Work item:
Could you transcribe exactly the lines below, from the line with "E’ regolabile ogni" through the line with "The angle of", and nothing else, leaving out the pictures?

Stored data:
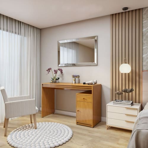A Penteadeira Charlotte, com 1 porta e 1 gaveta, é a combinação perfeita de elegância e funcionalidade para o seu espaço de beleza. Seu design moderno oferece um amplo espaço para organizar maquiagens, acessórios e outros itens de forma prática e acessível. A gaveta é ideal para pequenos objetos, enquanto a porta proporciona mais espaço para armazenamento, mantendo o ambiente sempre organizado. Além de ser uma peça decorativa charmosa, é extremamente funcional, complementando qualquer quarto ou closet com estilo. A Penteadeira Charlotte traz sofisticação e praticidade ao seu dia a dia! Acabamento da Gaveta: Pintura Acabamento da Porta: Pintura Acompanha Banqueta: Não Ambiente Principal: Quarto Complexidade da Montagem: Média: pode ser montado por mais de uma pessoa e/ou necessite de maior conhecimento para montagem Cor: Naturalle Cor do Produto: Naturalle Escala de Brilho: Semi-Brilho Escala de Brilho da Gaveta: Semi-Brilho Escala de Brilho da Porta: Semi-Brilho Gaveta com Chave: Não Itens Inclusos: 1 Penteadeira e manual de montagem. Manual de Montagem e Instalação: https://cdn2.madeiramadeira.com.br/atributo/mavaular/2313151-732-17261460540879.pdf Material da Gaveta: MDP Material da Porta: MDP Material do Puxador da Gaveta: Alumínio Material do Puxador da Porta: Alumínio Material Principal: MDP Necessita Montagem: Sim Origem do Produto: Nacional Peso: 23,8 kg Peso Máximo por Gaveta: 5 kg Possui iluminação: Não Possui Moldura: Não Possui Pés: Não Possui Porta Objetos: Não Possui Portas: 01 Possui Prateleiras: Não Possui Vidro: Não Recomendações de Uso, Manutenção e Limpeza: Limpar com pano macio e levemente umedecido. Não utilizar solventes a base e de inflamáveis. Não utilizar produtos abrasivos. Sapatas Niveladoras: Não Sistema de Montagem: Parafusos. Suporta Até (kg): 40 kg Tampo Basculante: Não Tipo de Corrediça da Gaveta: Metálica Telescópica Tipo de Dobradiça/Corrediça da Porta: Metálica Tipo de Porta: Bater Tipo de Puxador da Gaveta: Externo Tipo de Puxador da Porta: Externo
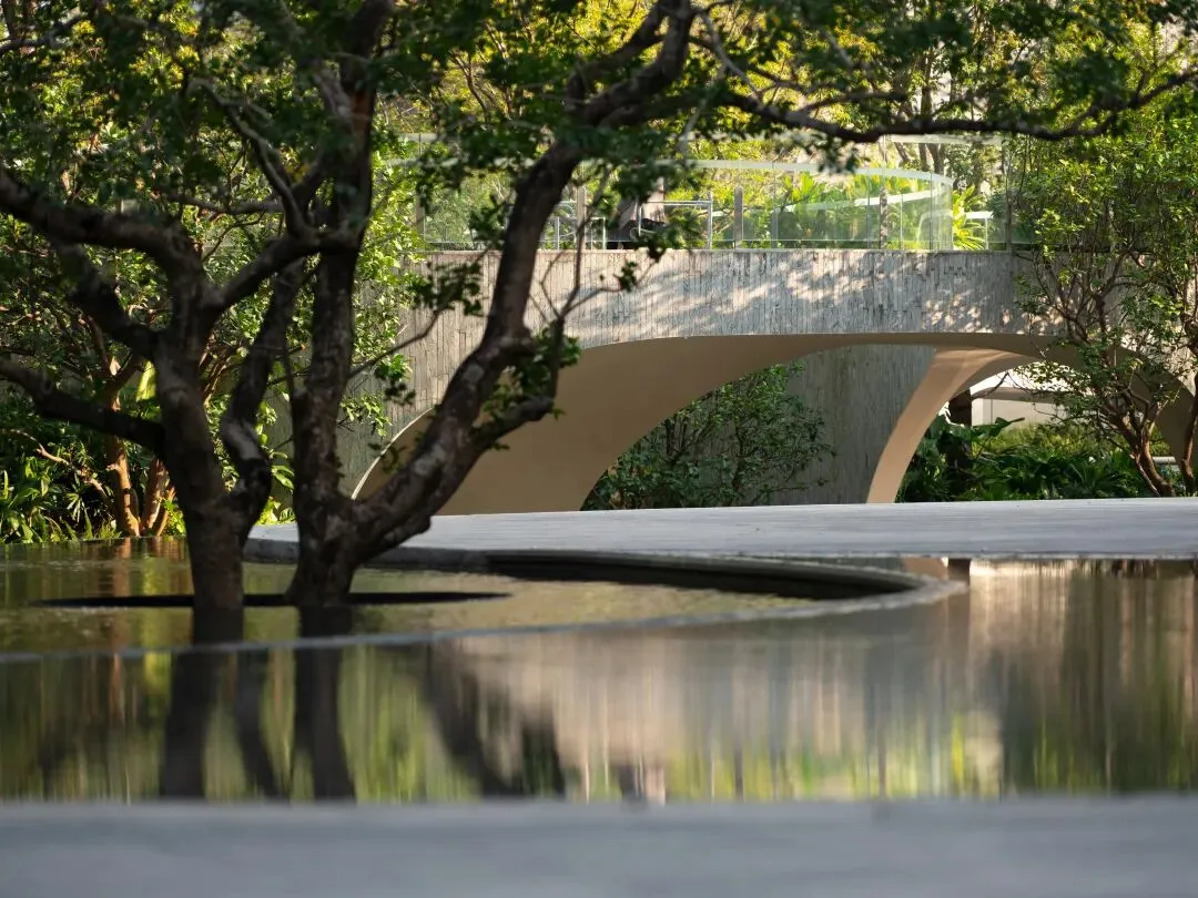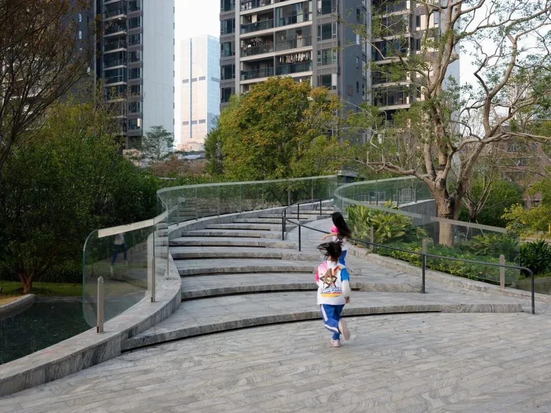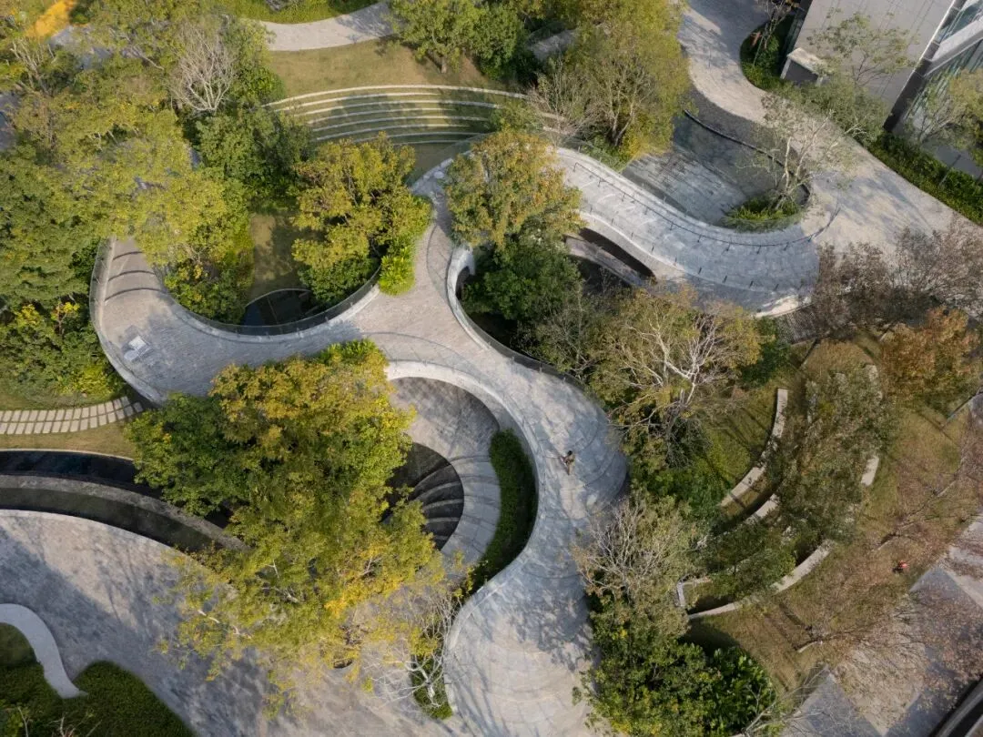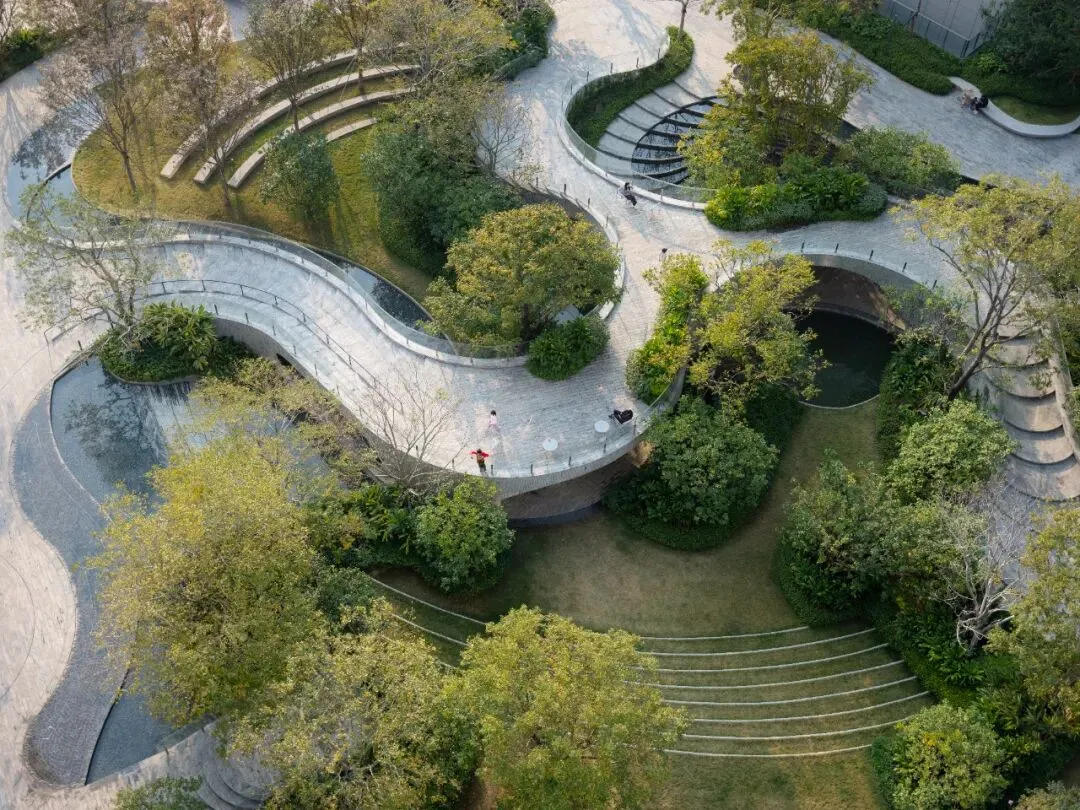The Park is a newly completed residential project by TROP in Shenzhen. Centered around the concept of “a continuous journey,” the design does not treat the landscape as a single flat plane, but rather creates a daily garden to be wandered and lingered in through subtle changes in topography and interconnected layers of space. Paths rise and fall with gentle slopes, weaving a continuous rhythm of movement among trees, water, and light; spaces open and contract, guiding the body to move while allowing the mind to wander.
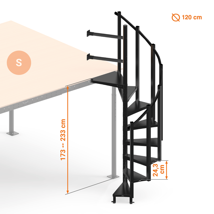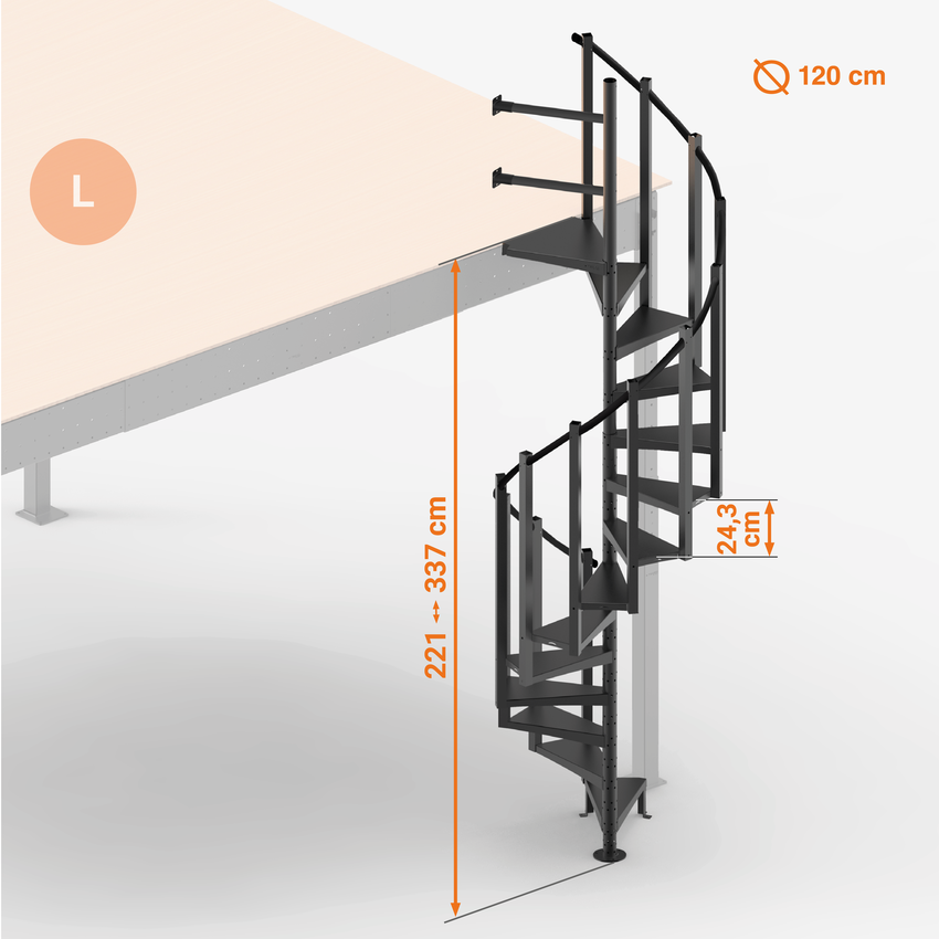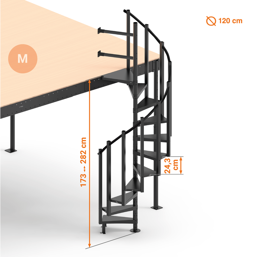 E’ regolabile ogni 12 cm ed utilizzabile su tutti i soppalchi Small, Medium e Large Svelt.
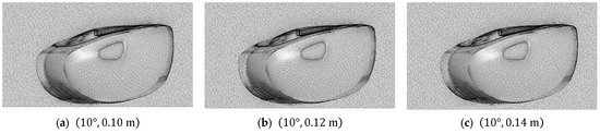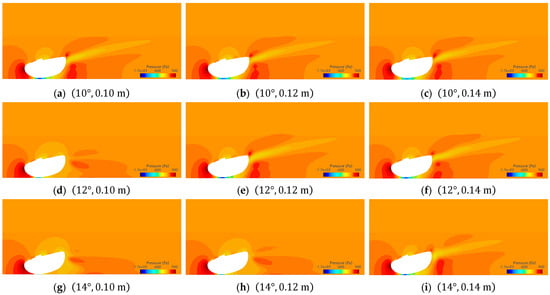 The angle of attack varies from 10° to 14° at intervals of 2°, resulting in three levels. Similarly, the distance from the seabed has three levels: 100 mm; 120 mm; and 400 mm. The corresponding values of parameters are presented in Table 2.
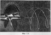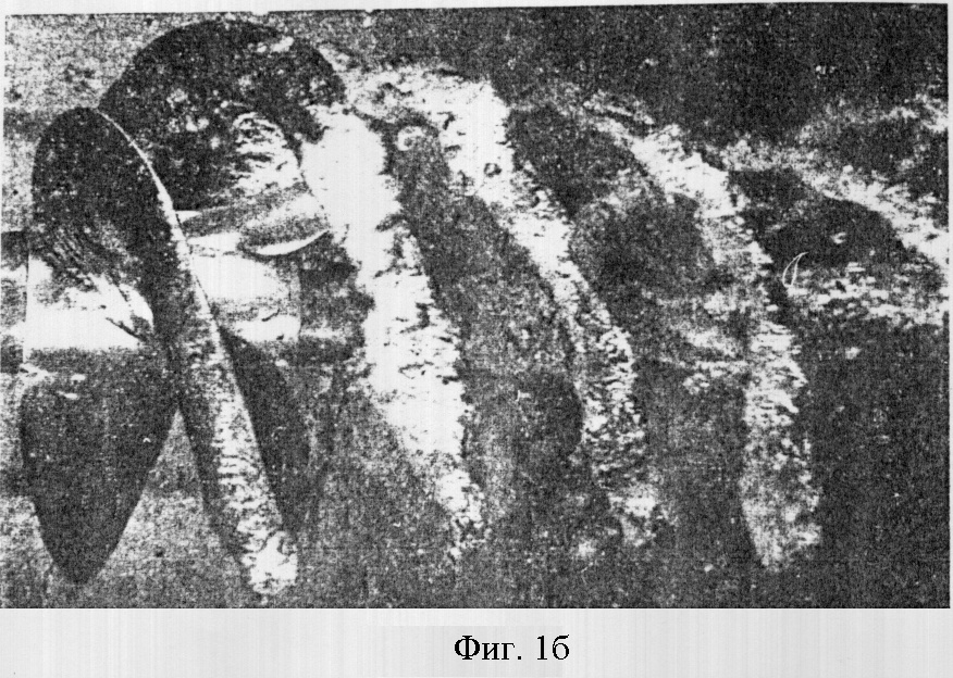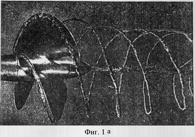 Фото гребного винта (фиг.1), заимствованное из (3), хорошо показывает закрутку воды за винтом, образование жгутов силовых линий (трубок тока), сходящих с концевых кромок лопастей, и их образование на засасывающей стороне. Силовая линия является замкнутой спиралью переменного шага и радиуса. Совокупность множества силовых линий образует силовое поле винта. Вдоль этих линий происходит движение масс воздуха (воды). Структура поля хорошо видна у гребного винта благодаря кавитационным пузырькам. Особенности этой структуры будут использованы и для описания поля воздушного винта. Отличия обуславливаются тем, что плотность воздуха на три порядка меньше плотности воды, ось вращения винта вертолета вертикальна и носитель расположен под винтом, в области повышенного давления.
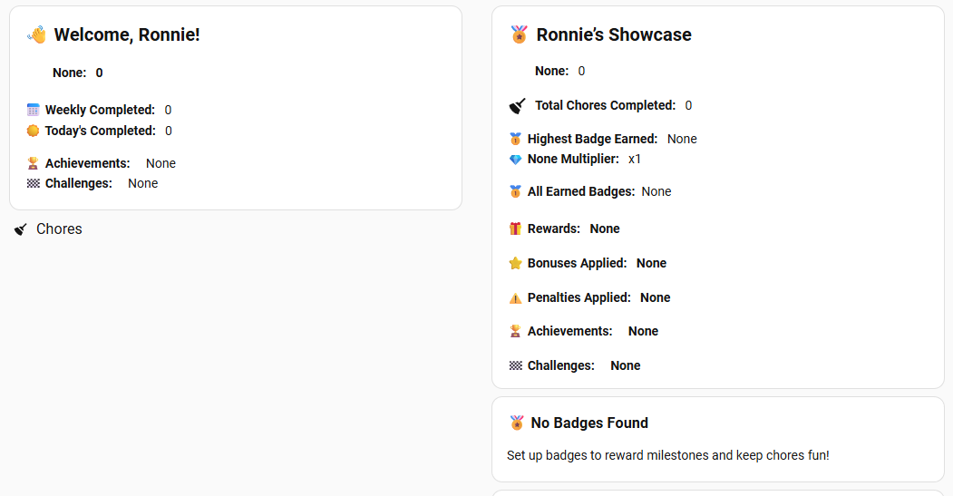 The dashboards are just a layer on top of the integration, so itās hard to tell much from those. First thing to do would be to go into the integration and see if the devices and entities are showing correctly. Then in developer tools to look for entities that are unavailable or have errors. There are a lot of good steps in the wiki to help get started. Troubleshooting: KidsChores Troubleshooting Guide Ā· ad-ha/kidschores-ha Wiki Ā· GitHub

Solution to the exercise:
 E’ regolabile ogni 12 cm ed utilizzabile su tutti i soppalchi Small, Medium e Large Svelt.
 The angle of attack varies from 10° to 14° at intervals of 2°, resulting in three levels. Similarly, the distance from the seabed has three levels: 100 mm; 120 mm; and 400 mm. The corresponding values of parameters are presented in Table 2.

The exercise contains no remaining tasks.